### [PROBLEM STATEMENT]
Retype, word for word, only the lines from the one containing "NiceVestidos-Green exquisite beaded" through the last line of the listing below. Pictures do not belong in the result.

### [DATASET EXCERPT]

***

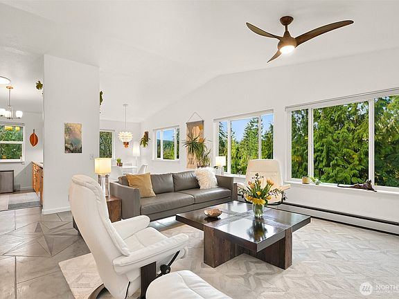 Nestled among the trees, this beautifully maintained home offers a perfect blend of comfort and charm. The inviting open-concept design is enhanced by stunning tile floors that add warmth throughout. Vaulted ceilings grace each of the three main-level bedrooms, creating a spacious and airy feel. The modern kitchen shines with granite countertops, stainless steel appliances, and stylish updates. A daylight basement provides an abundance of space to spread out and make your own. Step outside to the serene courtyard side yard—ideal for entertaining, gardening, or simply unwinding. With a newer roof, cedar siding, and radiant in-floor heating, this home is as functional as it is beautiful.
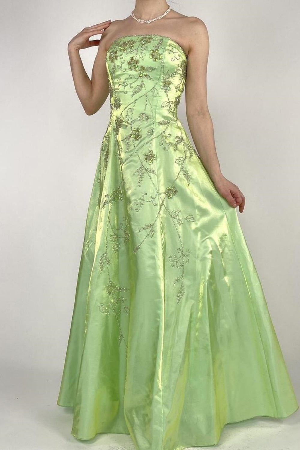 NiceVestidos-Green exquisite beaded long satin fairy gown ball gown y2k vintage dress nv5441
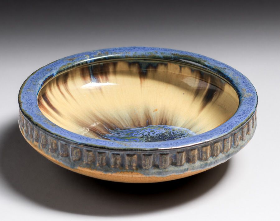 Fulper Pottery Chinese Blue & Matte Mustard Bowl c1910s. Signed. Perfect condition. 8.75”d x 2.5”h SOLD

***

### [ANSWER BOX]
 NiceVestidos-Green exquisite beaded long satin fairy gown ball gown y2k vintage dress nv5441
 Fulper Pottery Chinese Blue & Matte Mustard Bowl c1910s. Signed. Perfect condition. 8.75”d x 2.5”h SOLD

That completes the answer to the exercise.